=== DATA SHOWN ===
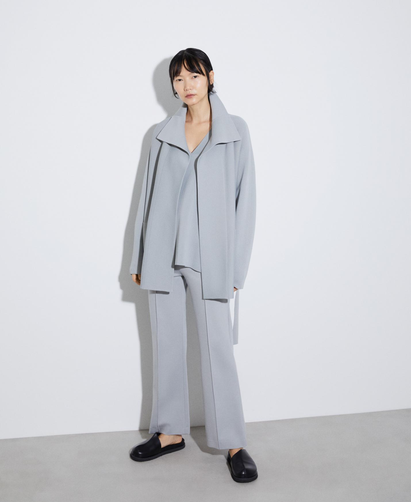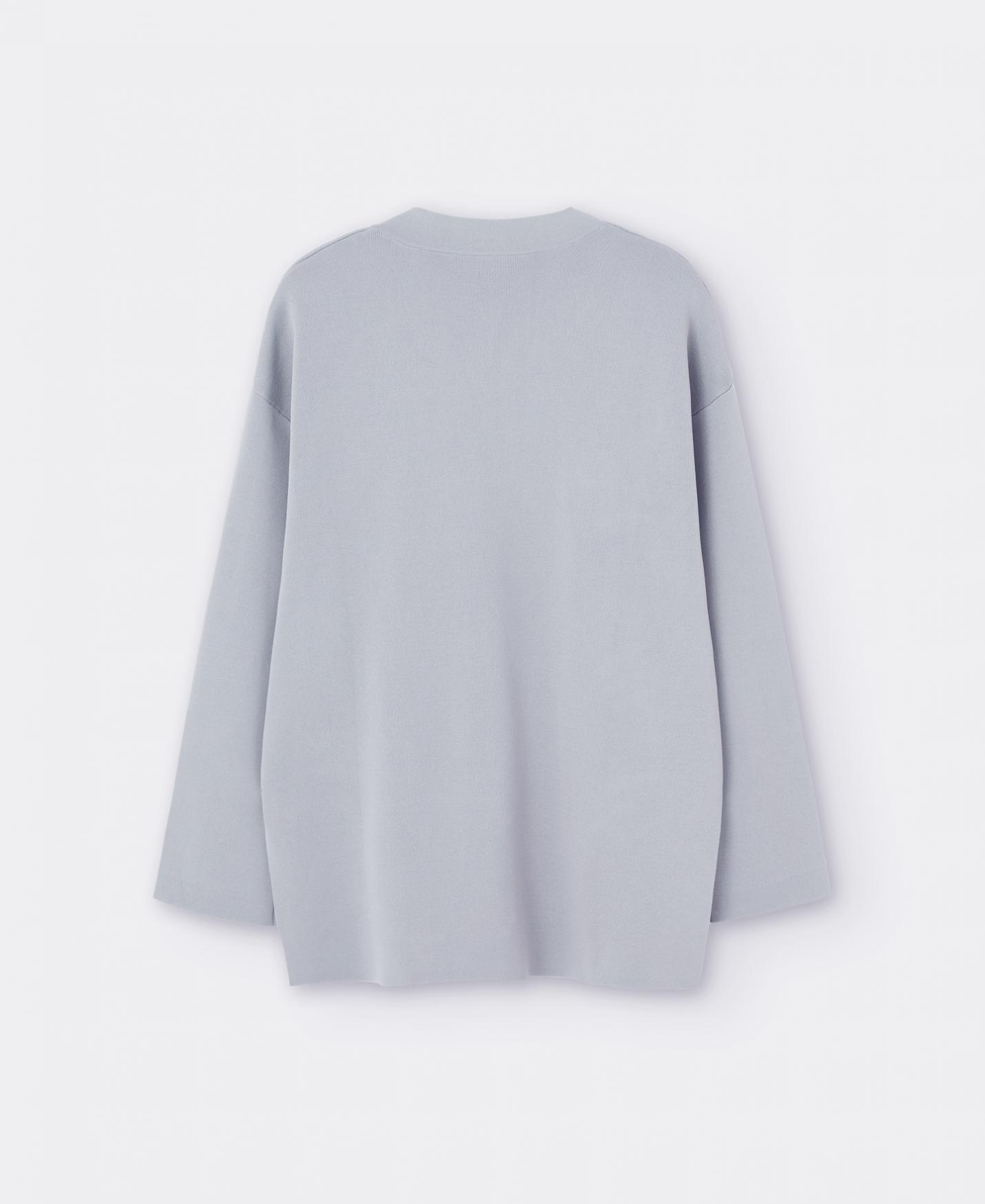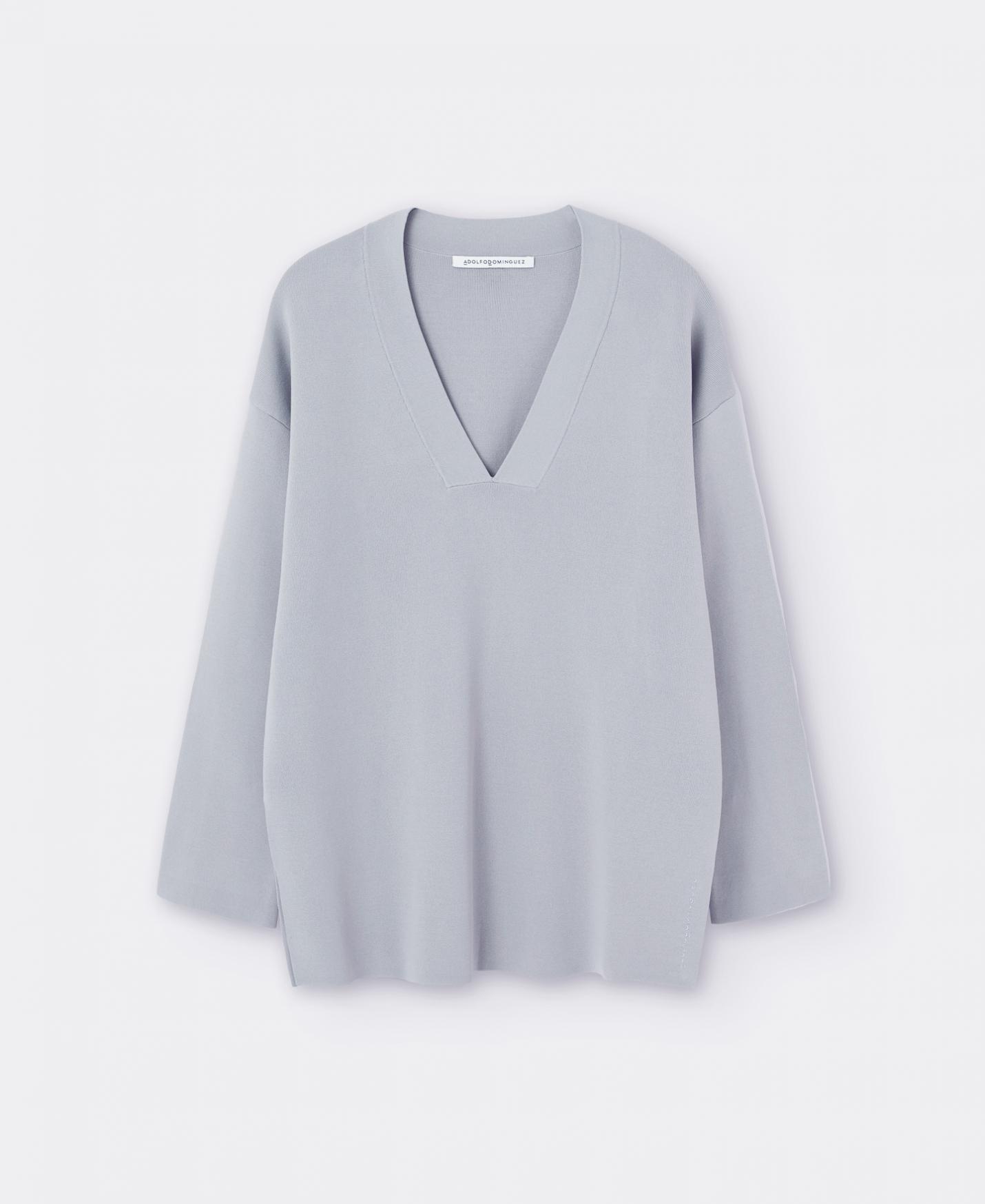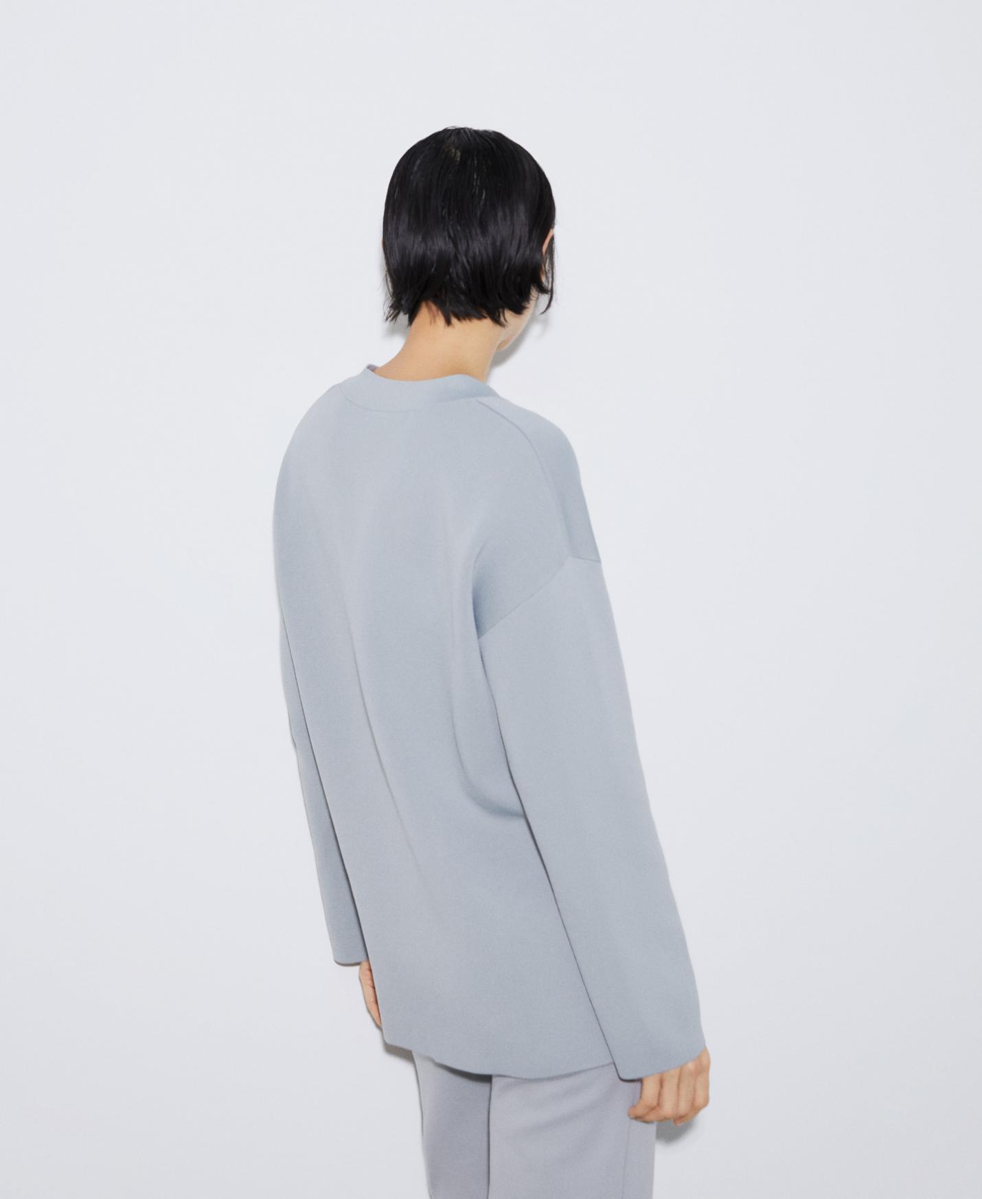 Jersey escote pico en nylon reciclado. En punto estructurado de doble frontura y escote con tiras tubulares. Manga larga y bajo recto.
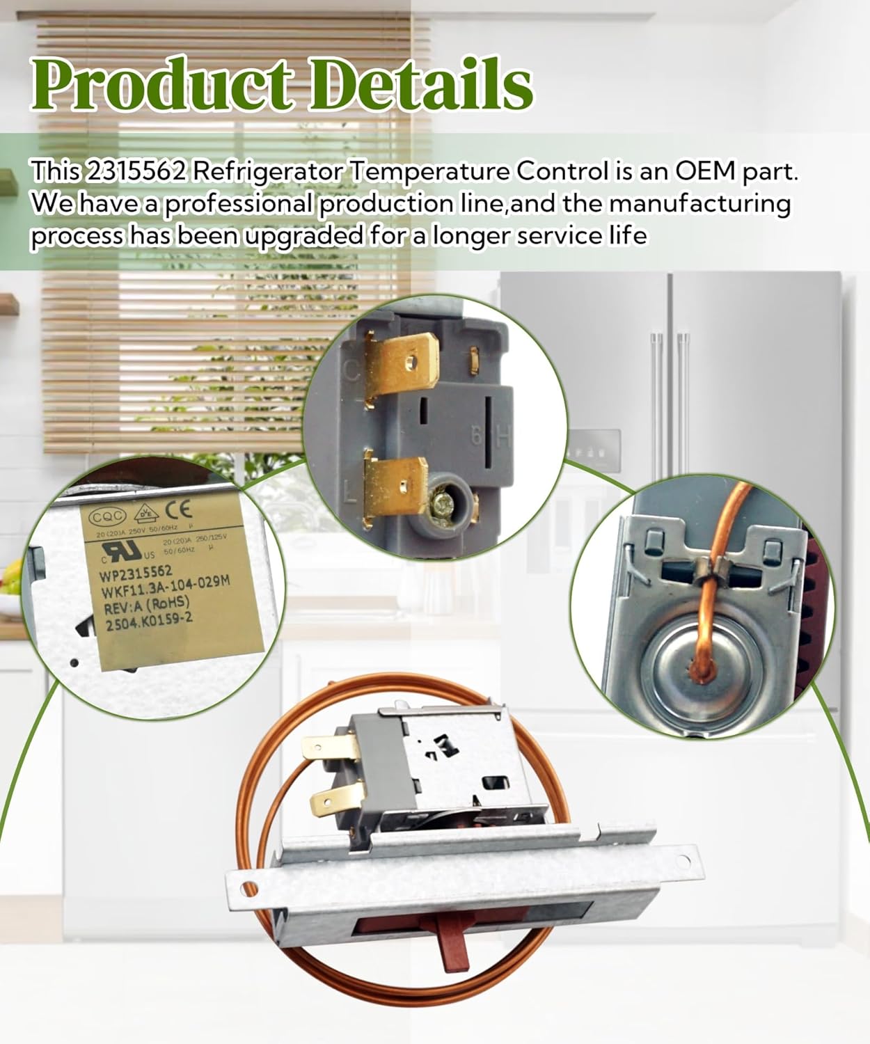 Excellent Quality:This 2315562 Refrigerator Temperature Control is an OEM part.We have a professional production line,and the manufacturing process has been upgraded for a longer service life.The performance of the product is tested before leaving the factory to ensure that it can work properly
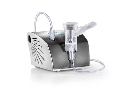 Aerosol ad aria compressa con vano porta accessori, in grado di nebulizzare anche i medicinali più viscosi. Completo di accessori e doccia nasale. Alimentazione da rete elettrica.
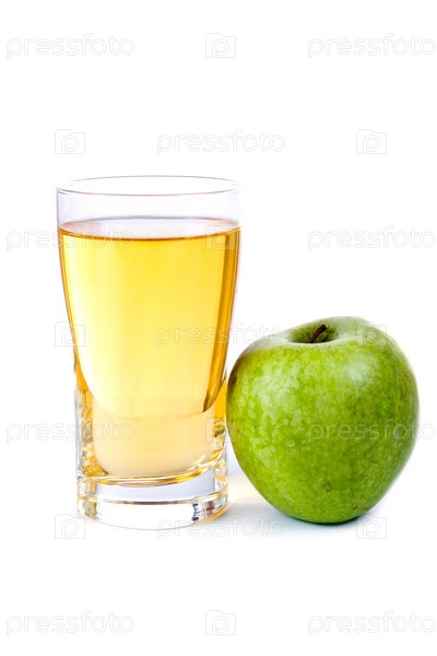 Стакан яблочного сока и яблоко, изолированные на белом фоне
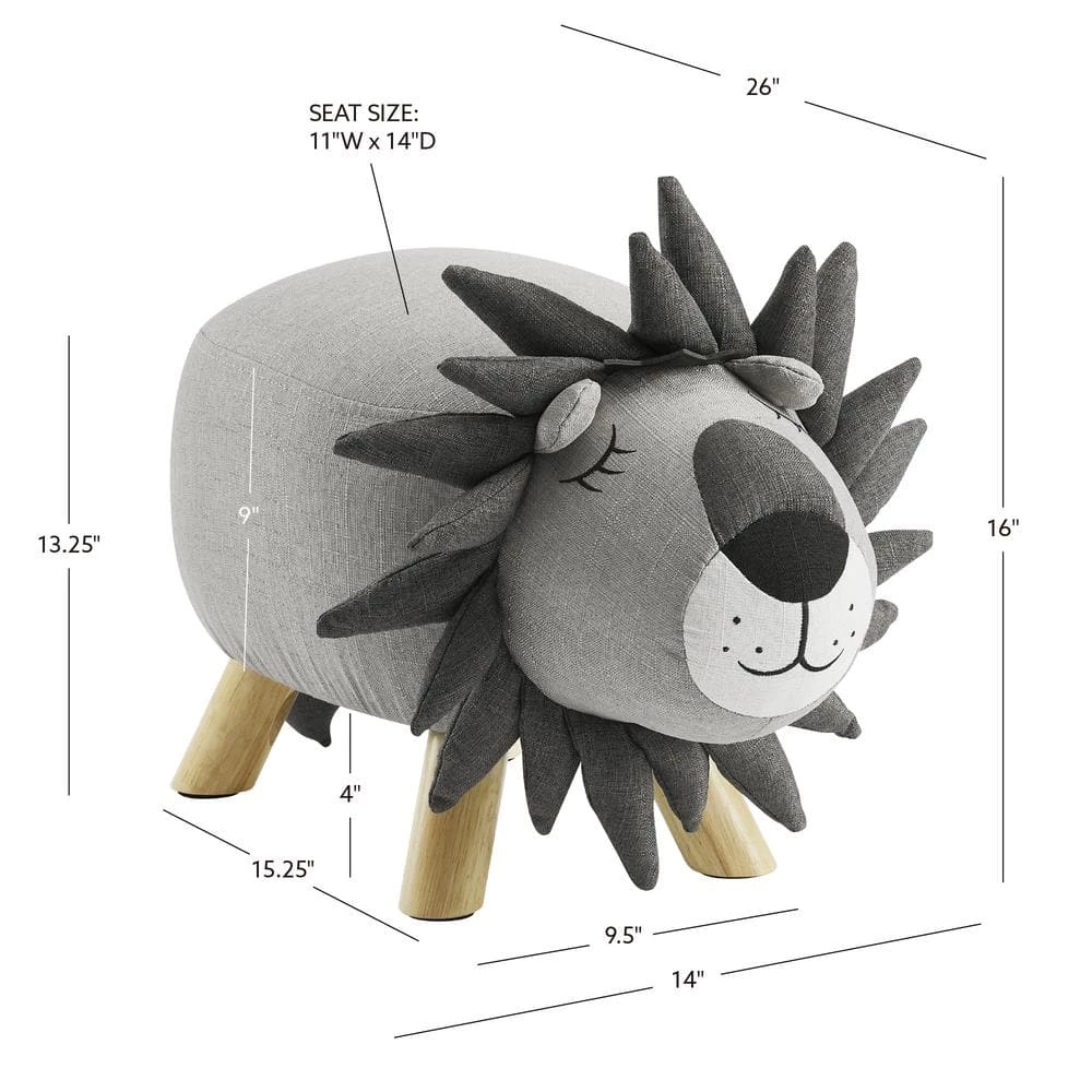 Bring a sense of adventure into your children’s room with this whimsical Leo the Lion Stool. Friendly, cute and comfortable, this exciting accent piece will serve as a springboard for the imagination of your little ones. Use it as a seat, foot stool, a prop in a play or as a platform for arts and crafts. Sturdy rubberwood legs support a foam padded cushion wrapped in 100% polyester fabric for a soft touch and easy cleaning. A 13.25 in. seat height provides a safe and accessible perch that the whole family will love.
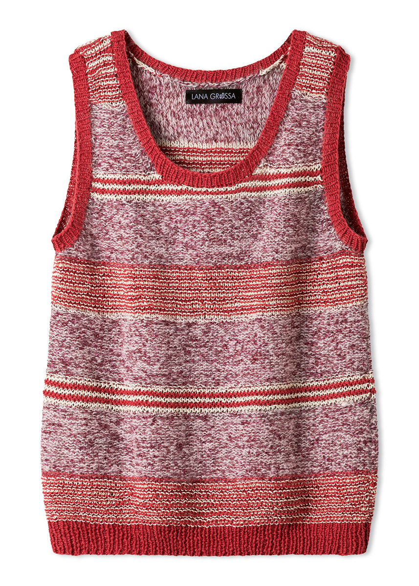 Lana Grossa-kvalitet ”Summer Cashmere” (90 % bomuld, 10 % kashmir, løbelængde ca. 210 m/50 g): ca. 50 (100 - 100 - 150) g orientrød (farve 25); Lana Grossa-kvalitet ”Setasuri” (69 % alpaka (Suri), 31 % silke, løbelængde ca. 212 m/25 g): ca. 50 (50 - 75 - 75) g creme (farve 2); Lana Grossa-kvalitet ”Filo Lurex” (94 % bomuld, 6 % polyester, løbelængde ca. 145 m/50 g): ca. 50 (50 - 100 - 100) g creme (farve 2); Lana Grossa-kvalitet ”Glamour” (55 % polyamid, 45 % polyester, løbelængde ca. 115 m/25 g): ca. 50 (75 - 75 - 100) g bordeaux (farve 9); Strikkepinde nr. 3 og 4; 1 kort rundpind nr. 3.

=== PROBLEM DESCRIPTION ===
Starting at the line above that holds "Стакан яблочного сока", repeat every line exactly down to and including the line that holds "Bring a sense", then stop. Do not carry over any pictures.

=== ANSWER BOX ===
 Стакан яблочного сока и яблоко, изолированные на белом фоне
 Bring a sense of adventure into your children’s room with this whimsical Leo the Lion Stool. Friendly, cute and comfortable, this exciting accent piece will serve as a springboard for the imagination of your little ones. Use it as a seat, foot stool, a prop in a play or as a platform for arts and crafts. Sturdy rubberwood legs support a foam padded cushion wrapped in 100% polyester fabric for a soft touch and easy cleaning. A 13.25 in. seat height provides a safe and accessible perch that the whole family will love.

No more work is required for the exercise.